On Mon, Nov 21, 2016 at 6:20 AM, Costello, Roger L. <costello@mitre.org> wrote:

Hi Folks,

I am learning the Alloy modelling language. It is so cool. One interesting aspect of Alloy is this rule:

                An expression is erroneous if it can be shown
               to be redundant, using types alone.

A common and simple case of redundancy is an expression that is equal to the empty relation (set). For example, if sets A and B are disjoint, then (A intersect B) is empty and therefore redundant (and therefore erroneous).

I am trying to see if any of the XML technologies have an equivalent rule.

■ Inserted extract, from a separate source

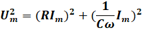 - La tension aux bornes du condensateur C est déphasée de –π/2 avec le courant (retard de T/4) et Uc = I/Cω.

It seems that XSD does not. Consider: the following schema says that an XML instance document can never have a <Foo> element:

<xs:element name="Book">
   
<xs:complexType>
       
<xs:sequence>
           
<xs:element name="Title" type="xs:string"/>
           
<xs:element name="Author" type="xs:string"/>
            
<xs:element name="Date" type="xs:string"/>
           
<xs:element name="Foo" minOccurs="0" maxOccurs="0" type="xs:string"/>
       
</xs:sequence>
   
</xs:complexType>
</xs:element>

 

The Foo element declaration is redundant – it declares an element that can never manifest in XML instances. Redundancy is not an error in XSD.

 

It also seems that redundancy is not an error in XSLT/XPath. Consider: the following XSLT has an XPath expression that can never be satisfied:

 

<xsl:template match="/">
   
<xsl:choose>
       
<xsl:when test="name(/*[position() eq 0]) eq 'foo'">foo</xsl:when>
       
<xsl:when test="name(/*[position() eq 1]) eq 'bar'">bar</xsl:when>
       
<xsl:when test="name(/*[position() eq 1]) eq 'blah'">blah</xsl:when>
   
</xsl:choose>
</xsl:template>

 

In the vast universe of XML technologies, is there anywhere a rule that requires redundancy be treated as an error?